● **DATA BLOCK**:
****************

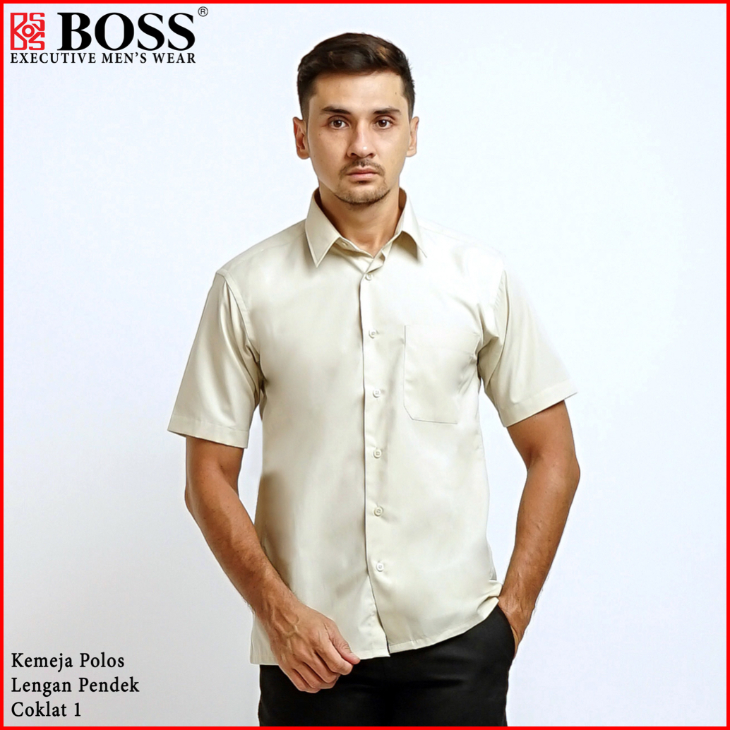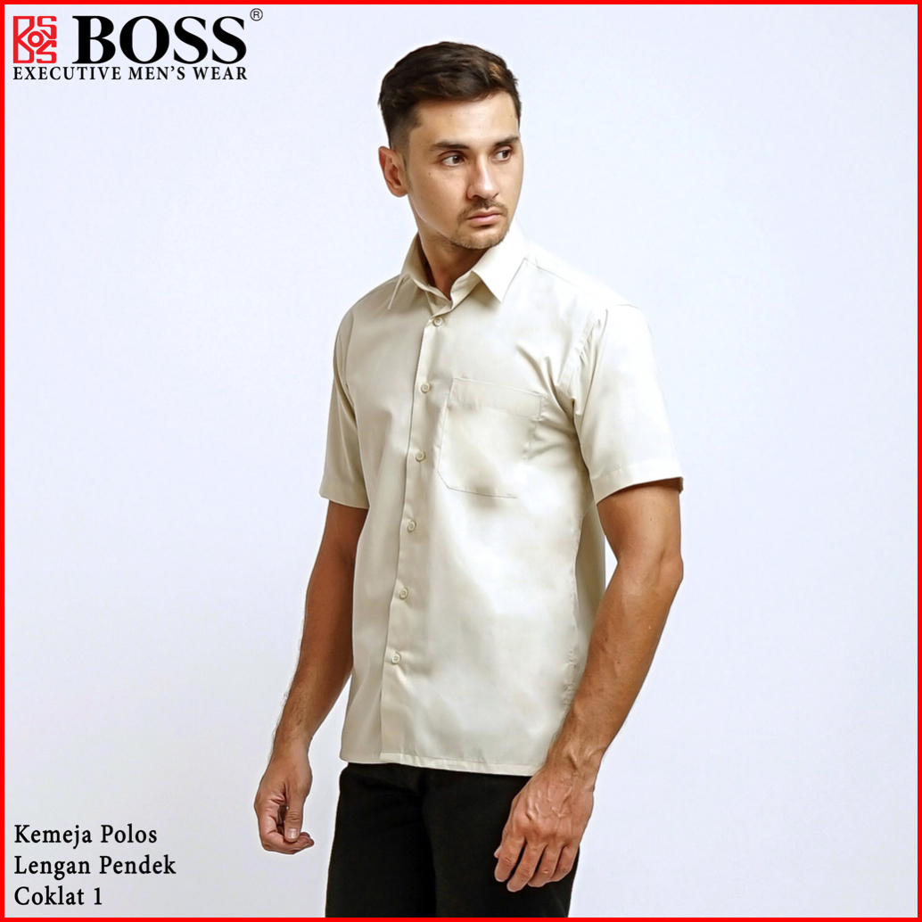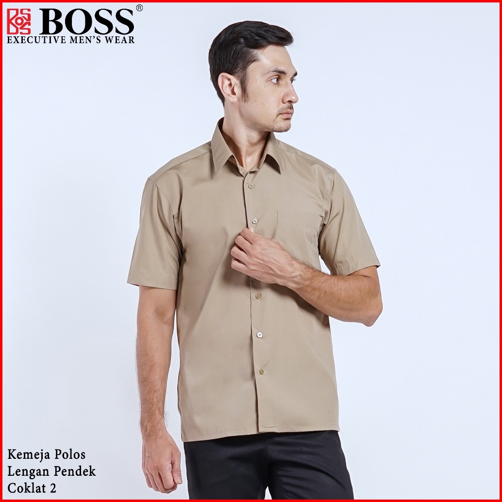 Boss Kemeja Polos Pria Lengan Pendek Regular Fit Coklat
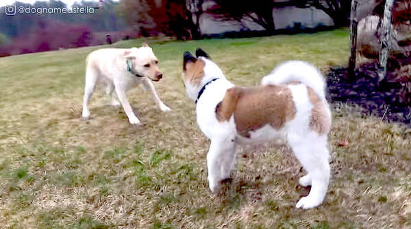 えーい 秋田犬は赤ちゃんもデカイから 極太腕のパピーパンチを受けたラブラドール 思いの外食らってそう 動画 年8月10日 エキサイトニュース
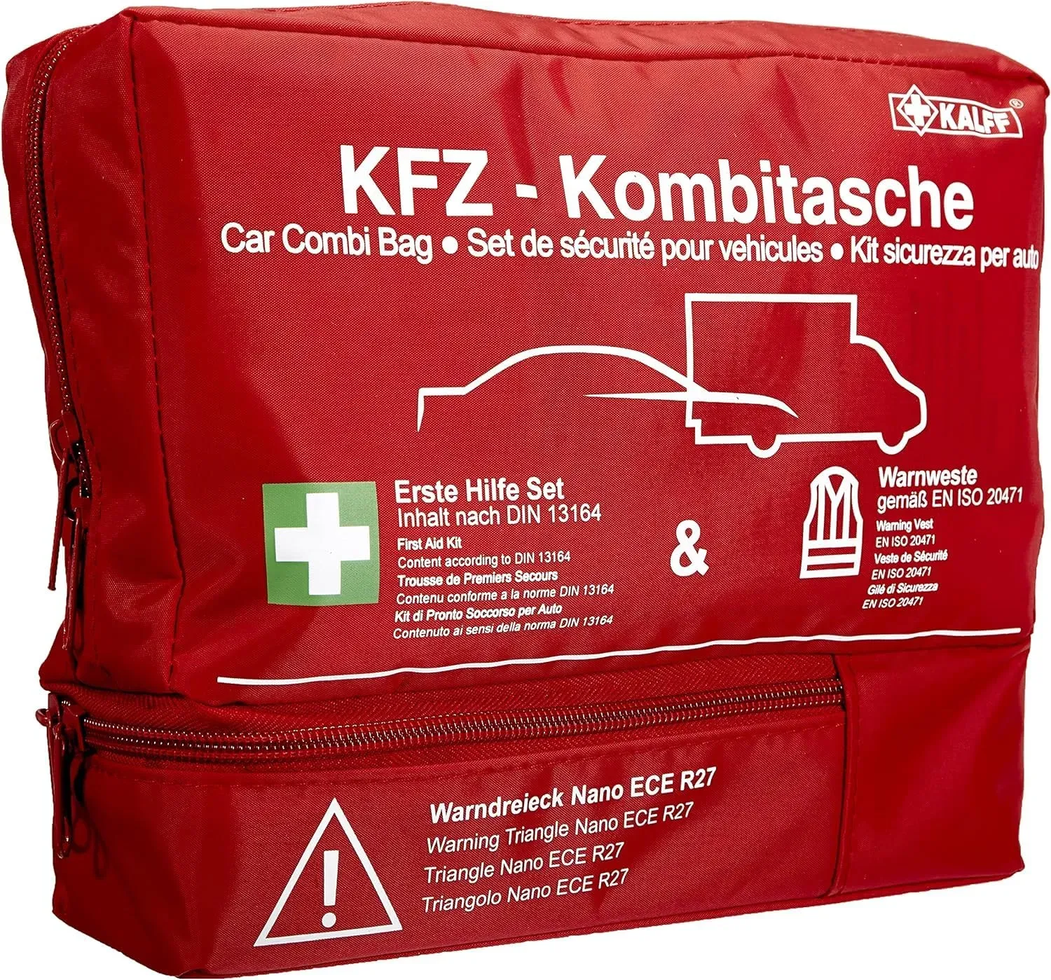 Auf Lager Versand durch AmazonKFZ Kombitasche (3 in 1) nach aktueller Norm 2026 - Inkl. Warndreieck, Warnweste - Verbandskasten Warndreieck Set Verbandskasten Auto DIN 13164:2022 (StVO konform)

****************

● **INSTRUCTIONS FOR THE TASK**: For this task, give the full listing again verbatim and keep out every picture.

● **YOUR RESPONSE**:
 Boss Kemeja Polos Pria Lengan Pendek Regular Fit Coklat
 えーい 秋田犬は赤ちゃんもデカイから 極太腕のパピーパンチを受けたラブラドール 思いの外食らってそう 動画 年8月10日 エキサイトニュース
 Auf Lager Versand durch AmazonKFZ Kombitasche (3 in 1) nach aktueller Norm 2026 - Inkl. Warndreieck, Warnweste - Verbandskasten Warndreieck Set Verbandskasten Auto DIN 13164:2022 (StVO konform)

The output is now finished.